TASK INPUT>
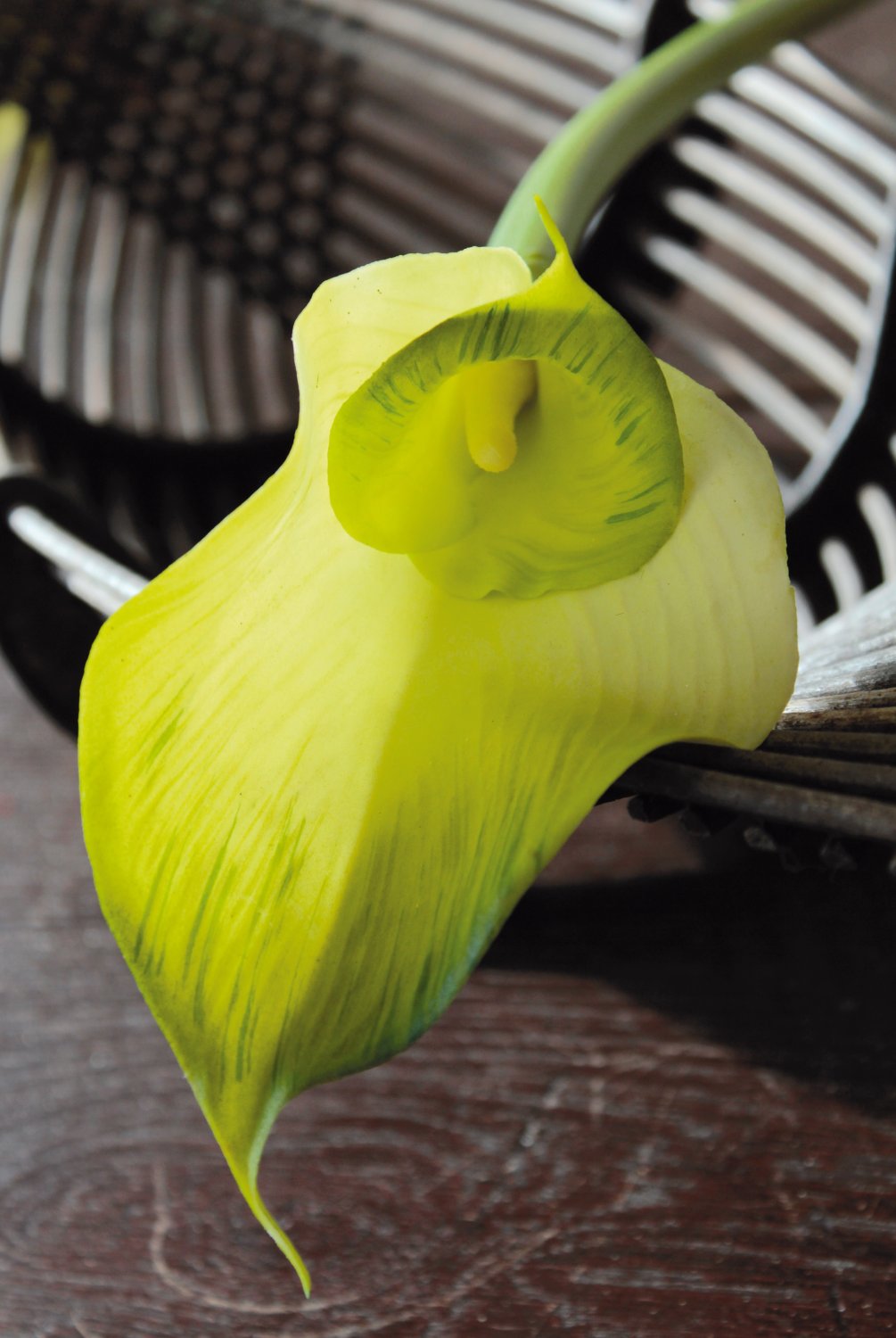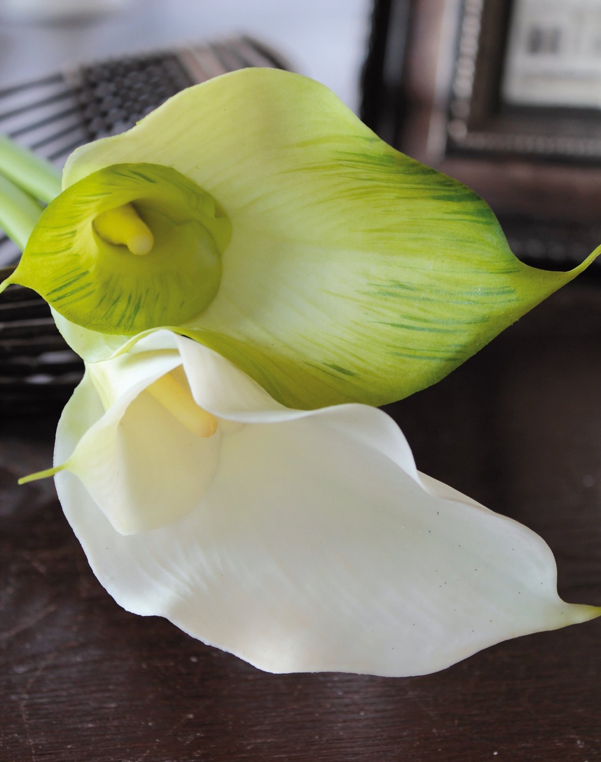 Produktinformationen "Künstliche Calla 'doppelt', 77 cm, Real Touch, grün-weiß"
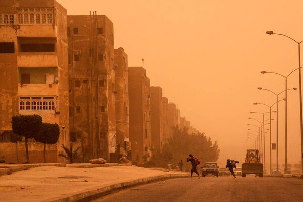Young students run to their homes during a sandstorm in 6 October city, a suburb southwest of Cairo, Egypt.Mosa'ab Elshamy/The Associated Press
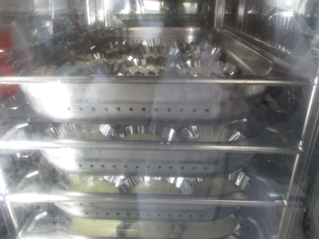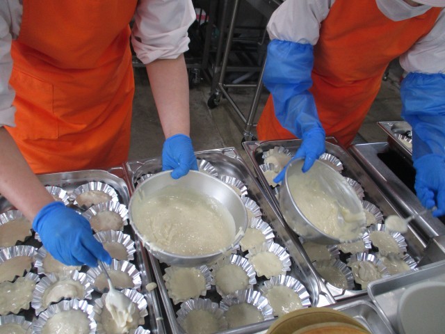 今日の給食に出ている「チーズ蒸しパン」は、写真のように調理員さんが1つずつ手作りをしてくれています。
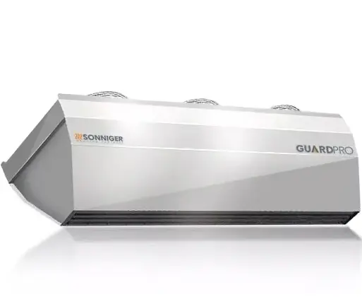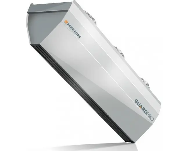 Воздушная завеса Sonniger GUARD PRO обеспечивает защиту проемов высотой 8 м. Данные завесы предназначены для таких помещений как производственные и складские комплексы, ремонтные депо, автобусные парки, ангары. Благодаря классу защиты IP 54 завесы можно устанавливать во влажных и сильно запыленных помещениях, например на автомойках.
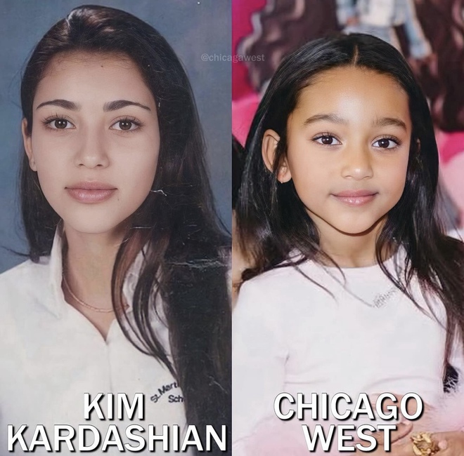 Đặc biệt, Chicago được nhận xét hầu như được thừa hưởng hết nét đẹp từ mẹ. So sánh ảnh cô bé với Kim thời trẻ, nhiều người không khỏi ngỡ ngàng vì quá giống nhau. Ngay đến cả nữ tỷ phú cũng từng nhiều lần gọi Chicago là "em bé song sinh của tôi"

---

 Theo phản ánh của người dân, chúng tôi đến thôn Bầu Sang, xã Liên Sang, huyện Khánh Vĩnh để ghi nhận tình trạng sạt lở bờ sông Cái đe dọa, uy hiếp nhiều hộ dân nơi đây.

WORK INSTRUCTION> Copy word for word the span of the records above that begins at the line with "今日の給食に出ている「チーズ" and ends at the line with "Đặc biệt, Chicago", including those two lines but not the pictures.

FINISHED TASK>
 今日の給食に出ている「チーズ蒸しパン」は、写真のように調理員さんが1つずつ手作りをしてくれています。
 Воздушная завеса Sonniger GUARD PRO обеспечивает защиту проемов высотой 8 м. Данные завесы предназначены для таких помещений как производственные и складские комплексы, ремонтные депо, автобусные парки, ангары. Благодаря классу защиты IP 54 завесы можно устанавливать во влажных и сильно запыленных помещениях, например на автомойках.
 Đặc biệt, Chicago được nhận xét hầu như được thừa hưởng hết nét đẹp từ mẹ. So sánh ảnh cô bé với Kim thời trẻ, nhiều người không khỏi ngỡ ngàng vì quá giống nhau. Ngay đến cả nữ tỷ phú cũng từng nhiều lần gọi Chicago là "em bé song sinh của tôi"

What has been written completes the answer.